Being a good editor involves a lot more than being an expert on grammar and spelling. Good editors work with writers through every step of the writing process.
They may set an editorial calendar to help writers come up with relevant topics to write about. They reorganize and restructure documents so that a writer’s words flow and make an impact. Good editors also research and fact-check to make sure what a writer says makes sense and doesn’t lead to embarrassment.
All of this requires an open line of communication between writer and editor, as well as a great deal of respect on both ends. Here are five tips to help editors keep the writer-editor relationship strong.
1. Remember who the writer is
Editors might make a lot of changes to a document, but one thing they should never mess with is the writer’s voice. At the end of the editing process, the edited piece should still sound like the author wrote it.
This can be a challenge when working with a writer for the first time, whose voice you’re not yet familiar with. At this stage, you may be required to have a few in-person conversations and multiple rounds of editing to get the tone just right, but always remember whose name will be on the finished piece.

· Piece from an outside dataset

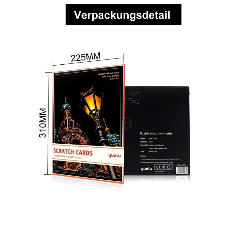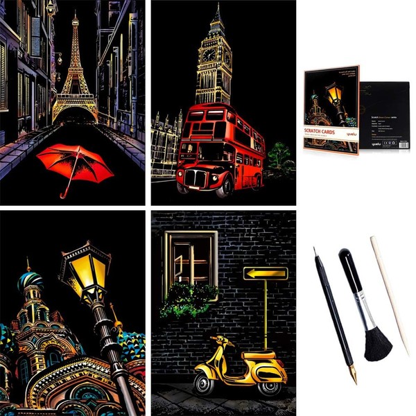 ShipeeKin 4 x Scratch Pictures, 290 x 210 mm, Street Corner of the City Wall Picture, Coated Colourful Scratch Paper with Tool Set (Street Corner)

2. Know what you’re being asked to do
Some writers may want you to fix egregious errors only. Others might want substantial help with organization, consistency and style. It can be frustrating to be asked for a light copy edit when you know the piece needs so much more but, in many cases, this isn’t the editor’s call.
Know what’s expected of you before you start editing and deliver exactly what the writer asked for. Otherwise, you’ll have an unhappy writer who isn’t likely to work with you again.
3. Know your writer’s audience
Is the writer producing copy for print or the web? Are they writing for a broad audience or for experts in a certain field? How many people are likely to read the finished piece?
Learn everything you can about your writer’s audience. If you don’t think the writing makes sense for that audience, let your writer know and offer suggestions on how to fix things.
4. Meet your deadlines
This goes without saying. If you think you can’t meet a deadline, let the writer know immediately. But there should a very good reason. Maybe the scope of the project has changed completely or you’ve had a family emergency.
Even with a good reason, consistently missing deadlines is a great way to permanently damage the writer-editor relationship.
5. Communicate, communicate, communicate
Tips one through four mean you’ll need to be in close contact with your writer. Ask lots of questions along the way. For a novice writer, or one you’ve never worked with before, explain the changes you’re making so they make sense to the writer.
The right editor has the skills, expertise and finesse to make anyone’s words shine.